TASK OBJECTIVE =>
In the material below, find the span from the line with "师生志愿者们拿着铁锹、推雪板" to the line with "エアクリーナー 35φ カバー付き" and transcribe only those lines, exactly, ends included, without the pictures.

EXTRACTED ENTRIES =>
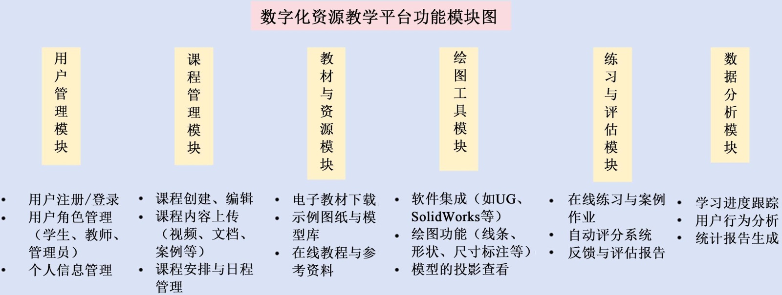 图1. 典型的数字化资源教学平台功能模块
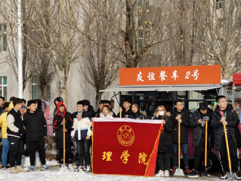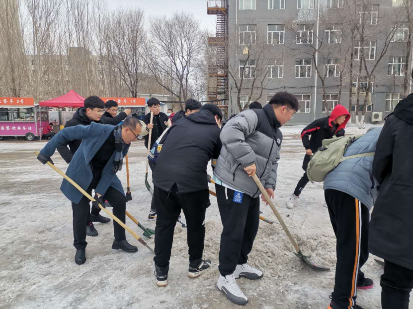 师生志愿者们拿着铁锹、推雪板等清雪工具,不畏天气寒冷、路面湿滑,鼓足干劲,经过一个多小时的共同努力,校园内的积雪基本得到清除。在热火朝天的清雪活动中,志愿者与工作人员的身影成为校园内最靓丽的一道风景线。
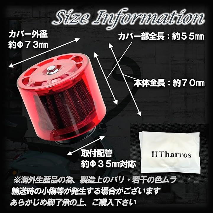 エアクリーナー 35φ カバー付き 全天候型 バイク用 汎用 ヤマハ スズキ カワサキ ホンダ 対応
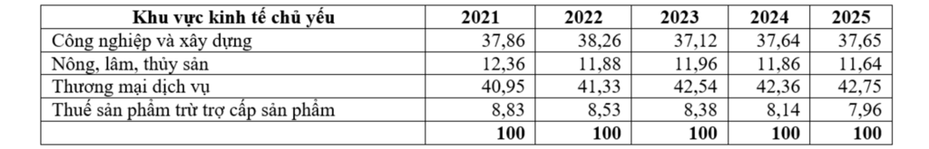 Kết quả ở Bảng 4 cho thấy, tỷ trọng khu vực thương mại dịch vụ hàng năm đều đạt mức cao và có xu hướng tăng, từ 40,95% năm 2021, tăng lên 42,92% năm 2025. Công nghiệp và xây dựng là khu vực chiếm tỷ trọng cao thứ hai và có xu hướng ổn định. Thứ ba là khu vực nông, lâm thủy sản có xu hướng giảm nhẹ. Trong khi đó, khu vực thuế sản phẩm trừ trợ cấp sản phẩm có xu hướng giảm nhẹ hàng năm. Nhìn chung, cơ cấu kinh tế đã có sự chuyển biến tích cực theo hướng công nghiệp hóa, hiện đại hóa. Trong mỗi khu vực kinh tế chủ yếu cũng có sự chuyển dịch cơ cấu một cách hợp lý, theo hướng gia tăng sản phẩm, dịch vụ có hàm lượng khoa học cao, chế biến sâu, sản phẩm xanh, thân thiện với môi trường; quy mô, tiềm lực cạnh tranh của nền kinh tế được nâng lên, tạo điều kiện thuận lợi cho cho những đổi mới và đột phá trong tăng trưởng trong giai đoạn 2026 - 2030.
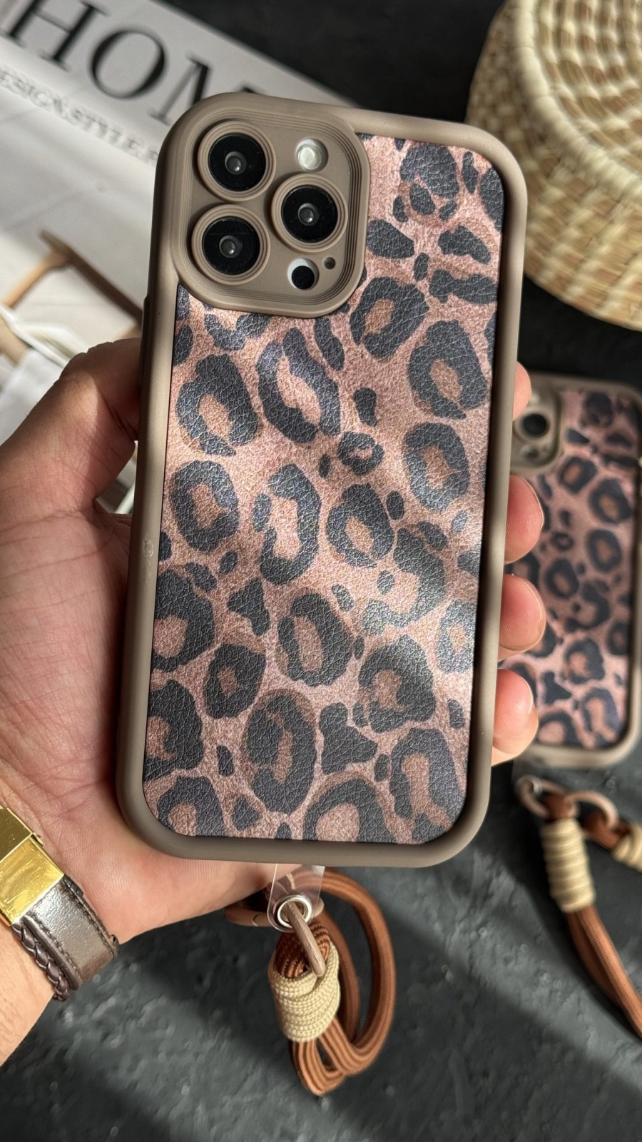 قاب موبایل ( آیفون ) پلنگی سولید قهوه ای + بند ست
==
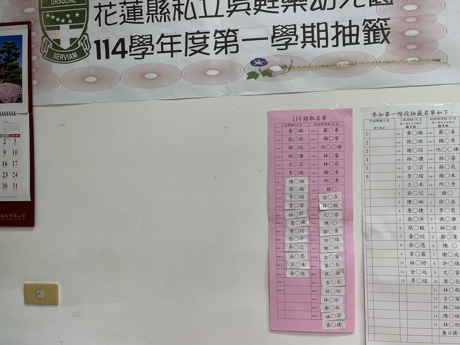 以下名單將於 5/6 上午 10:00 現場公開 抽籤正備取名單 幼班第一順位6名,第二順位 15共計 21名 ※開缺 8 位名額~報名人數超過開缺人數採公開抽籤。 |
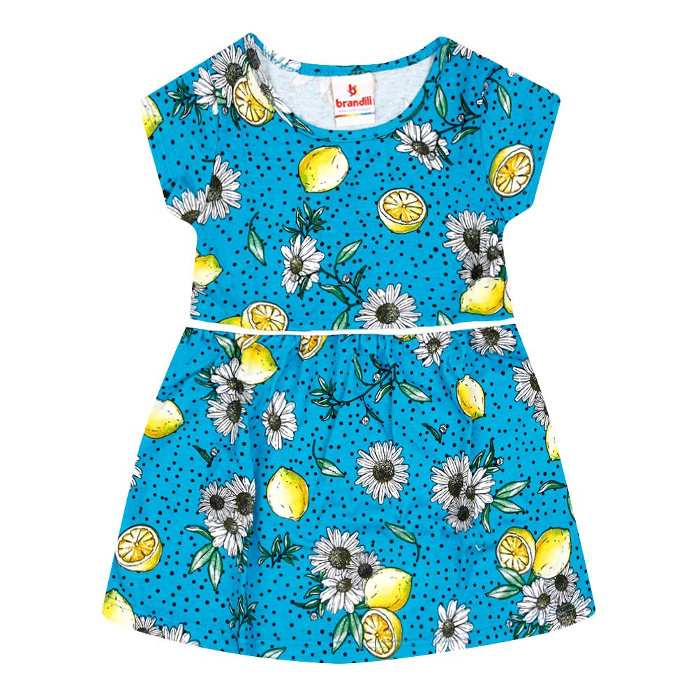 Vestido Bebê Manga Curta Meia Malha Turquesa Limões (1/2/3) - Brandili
==
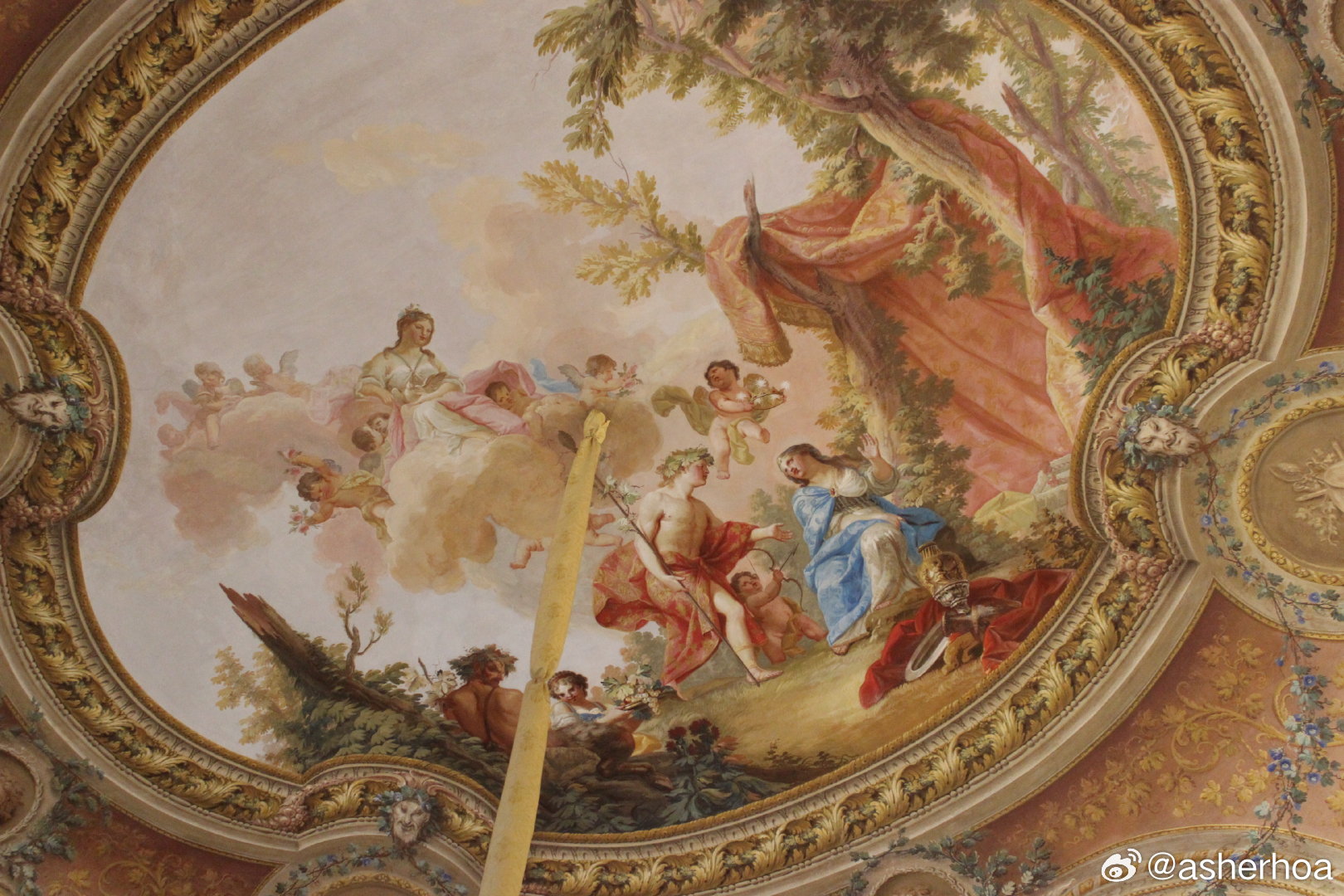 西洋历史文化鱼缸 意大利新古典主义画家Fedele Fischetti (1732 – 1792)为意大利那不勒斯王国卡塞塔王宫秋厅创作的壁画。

REPLY =>
 师生志愿者们拿着铁锹、推雪板等清雪工具,不畏天气寒冷、路面湿滑,鼓足干劲,经过一个多小时的共同努力,校园内的积雪基本得到清除。在热火朝天的清雪活动中,志愿者与工作人员的身影成为校园内最靓丽的一道风景线。
 エアクリーナー 35φ カバー付き 全天候型 バイク用 汎用 ヤマハ スズキ カワサキ ホンダ 対応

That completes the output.